The prime minister Shaukat Aziz said not a single body of a woman or child had been found. But the army said it had found 19 charred corpses - apparently killed in suicide attacks or petrol bomb accidents - that were impossible to identify.

In a remote village in southern Punjab Maulana Abdul Aziz, the Red Mosque's chief cleric caught fleeing under a burka, gave an incendiary graveside oration for his brother, Abdul Rashid Ghazi, who died in a hail of bullets on Tuesday. "We can let our necks be severed, but we cannot bow down before oppressive rulers. Our struggle will continue. There are many Ghazis living to be martyred," he said. "God willing, Pakistan will have an Islamic revolution soon." Twenty-four hours after military operations ended the army conducted the first tours of the compound. Reporters found evidence of a fierce battle.

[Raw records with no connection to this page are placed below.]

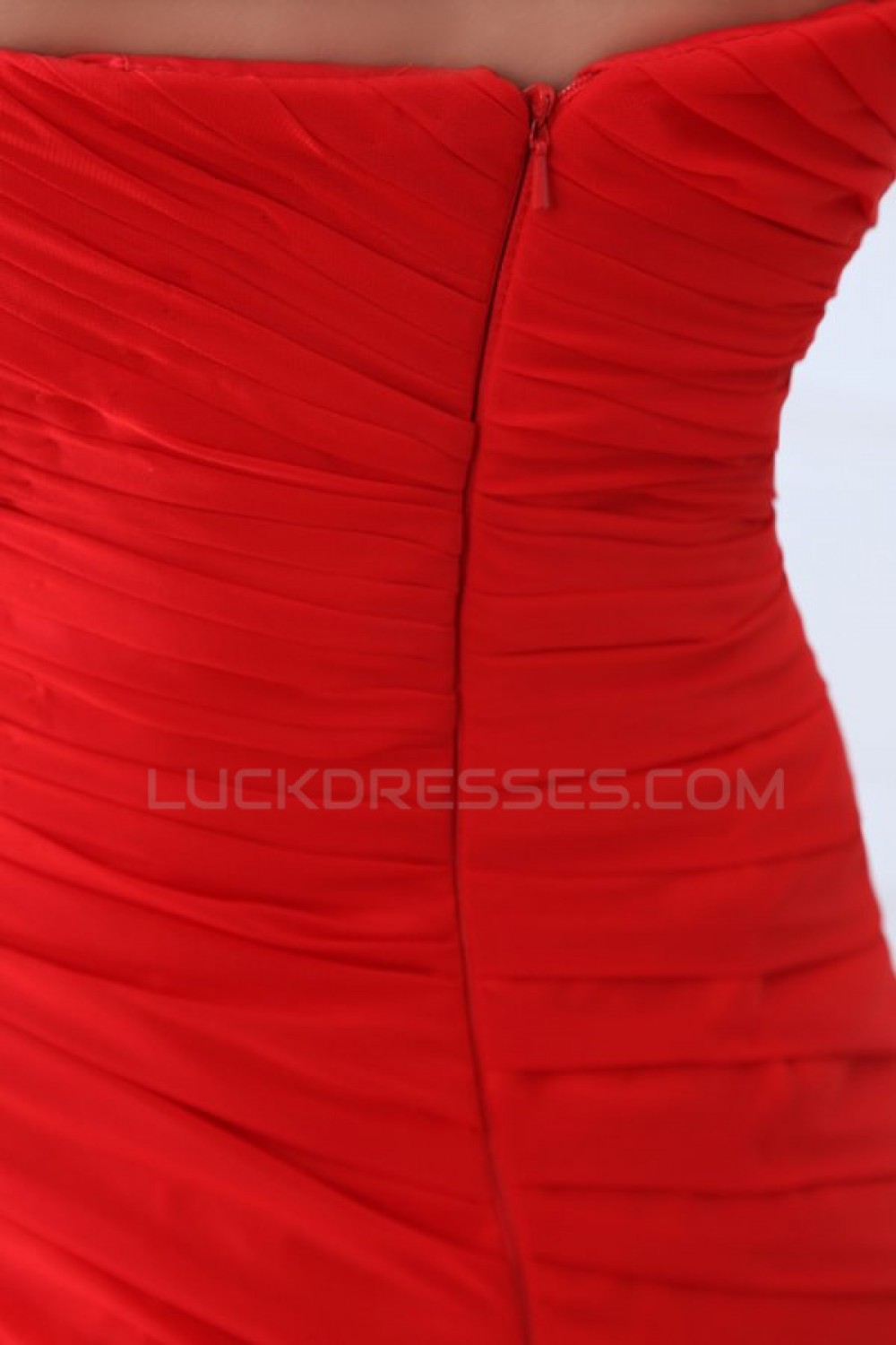 Sheath One-Shoulder Beaded Long Red Chiffon Prom Evening Formal Party Dresses ED010058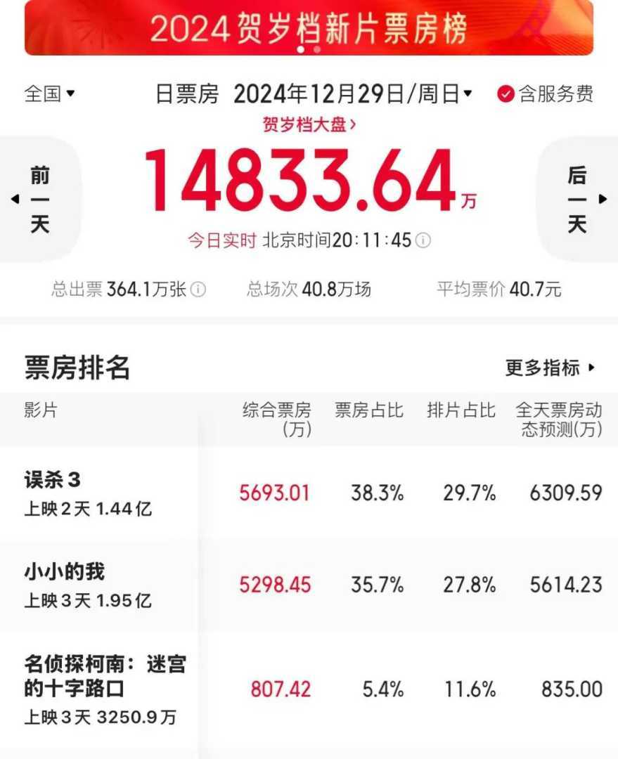 《误杀3》《小小的我》票房双丰收,贺岁档总票房近27亿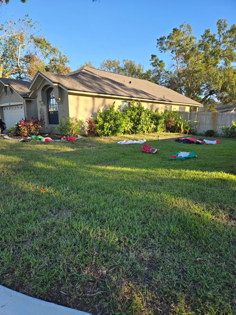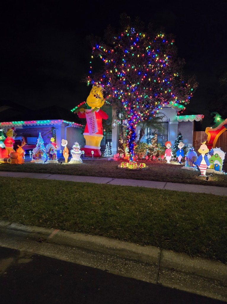 I go out walking every day and always see the deflated Christmas decorations lying on the ground all over my neighbors’ yards. It strikes me so funny. You know, when you really look at them, don’t they actually look dead? Lol. Then, last night I rode around our local neighborhoods with a friend to see them all inflated and mixed with festive lights, and what a delightful ride! I loved that so many people felt so inspired to please others, and were so generous with their time, energy, and money to put on these amazing shows. We really needed this joyful positivity and happy spirit this year. Thank you to everyone for spreading the holiday cheer!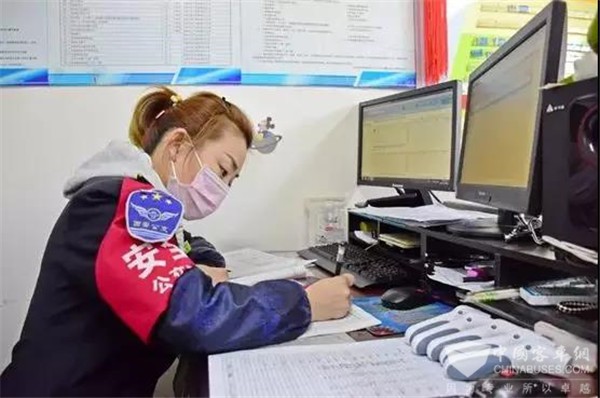 24日早,六公司调度员、驾驶员和其他工作人员带着口罩,早早来到调度站,依次接受值班队长给他们测量体温,做信息登记。随后专职消毒员对今日营运车辆逐车进行消毒。每部车除了驾驶员以外,还配1–2名工作人员,负责监督乘客带口罩,给上车的乘客测量体温,查验身份、实名登记、宣传乘车线上登记信息等。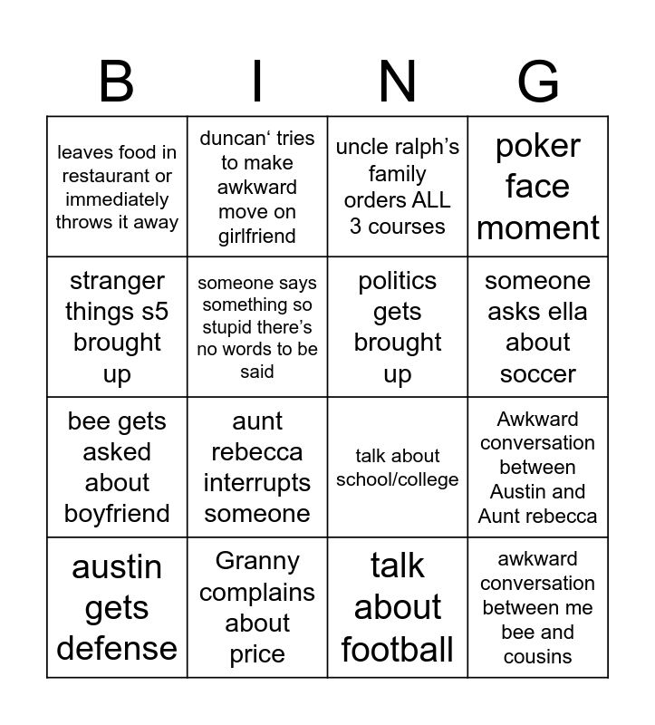 This bingo card has 16 words: Granny complains about price, Awkward conversation between Austin and Aunt rebecca, uncle ralph’s family orders ALL 3 courses, leaves food in restaurant or immediately throws it away, bee gets asked about boyfriend, duncan‘ tries to make awkward move on girlfriend, talk about school/college, talk about football, stranger things s5 brought up, someone says something so stupid there’s no words to be said, austin gets defense, poker face moment, aunt rebecca interrupts someone, someone asks ella about soccer, politics gets brought up and awkward conversation between me bee and cousins.
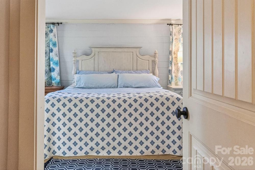 Unique opportunity to own a custom log home (built as a 3 bedroom) in the Bahia Bay water access community located off the desirable Torrence Chapel Road Peninsula. Two back bedrooms were renovated to make one large Primary suite. Access to I77 is just a short drive down Torrence Chapel Road. Enjoy the convenience of nearby shopping, restaurants and parks. The Bahia Bay community boasts a community lot with dock, boat ramps, fire pit and picnic tables. The meticulously manicured landscaping includes flowering trees and shrubs which combined with stone hardscaping contribute to the charming cottage feel of the home. Exterior features include batten board side gable trim boards, stone facing accent around both front and rear doors. Foundation facing is stone accent as well. Elk Prestige High Definition asphalt shingle roof. Front porch with Pergola top and custom laser cut metal iron insert panels showcasing a pine tree design. The rear covered porch spans the entire width of the home and offers a peaceful outdoor retreat. Enjoy the private level rear yard of this quarter acre home site. Partial fencing and no houses to immediate rear of the site provide a relaxing space for outdoor activities. The over sized driveway allows for parking of four to six vehicles. Inside the home is rich with high end finishes and custom details throughout. Front entry opens to the gathering, dining and kitchen areas featuring a open concept design. Kitchen cabinets with beadboard insert detailing and glass front. Granite counter tops, island with additional storage below, stone tile backsplash and stainless appliances make the kitchen both functional and inviting. Recessed lighting with mood setting dimmers in the kitchen area. Contemporary stone accent chandelier in dining room. French doors off dining room lead directly to the lovely covered rear porch. Wide hallway leading to bedrooms and bath adds to spacious feeling of the home. The bathroom is a true showplace with travertine counter top and copper sink. Natural stone tile floor and tub surround. Built in vanity cabinet with additional built in cabinet over the water closet. Decorative rubbed bronze mirror completes the modern rustic look which runs consistent throughout the home. Plantation shutters throughout the home create a light filled environment. Millwork includes five inch crown molding and eight inch baseboards. Solid core interior doors with bead board detailing, high grade lighting fixtures and rubbed bronze hardware elevate the space. Engineered hardwood floors flow through the main living area and secondary bedroom. Constructed and permitted as a three bedroom home the primary bedroom was thoughtfully expanded through combination of two bedrooms. Layout of the floor plan allows for easy conversion back to three bedrooms based on personal preference. Secondary bedroom features wood floors, two built in bookshelves and a Hunter ceiling fan/light fixture. Significant system updates include a complete exterior renovation in 2024 to include stripping, treating, hand sanding and staining of the logs. Addition of batten boards to gable ends, replacement of all rear porch posts, replacement of all exterior window trim, replacement of gable end soffit wood and staining of front and rear porch decks. water heater replacement (2024), Package Heat Pump System (2021), air sealing and blown in attic insulation (2016) water line from street to home replaced (2021).

The militants made their last stand in Jamia Hafsa, a multistorey girls' school that dominates the mosque compound. Bullet holes and shrapnel marks peppered the walls of courtyards, classrooms and dormitories. The acrid whiff of teargas hung in the air. Blackened walls marked a room where a suicide bomber exploded in the face of advancing commandos. "We found his head in the courtyard," said one military official.

A warped locker beside a blasted wall marked the spot where the rebels' leader, Ghazi, had died. A stash of rifles, gas masks and bullets offered a glimpse of the militants' arsenal, while piles of jihadist CDs were all that remained of their efforts to turn Pakistan into a sharia-law state.

But equally remarkable was the absence of evidence that many people had died. Every trace of blood had been scrubbed from the mosque walls. Only a faint smell of teargas lingered. The scene contrasted with reports in national newspapers in which official sources described piles of "hundreds" of bodies and an overwhelming stench of rotting flesh.

Army officials admitted they had "sanitised" the mosque before media visits but denied that the death toll had been falsified.

Gen Musharraf's security forces are braced for a possible violent backlash. There are already signs of unrest. Suicide bombers killed seven people, three of them policemen, in two attacks in North West Frontier province. More attacks are feared today. Analysts questioned whether he has the will or ability to follow through on his promises of madrasa reform. After previous crises - most notably the July 7th bombings in Britain, when several of the attackers were reported to have trained in Pakistan - the president promised change, but the results have disappointed.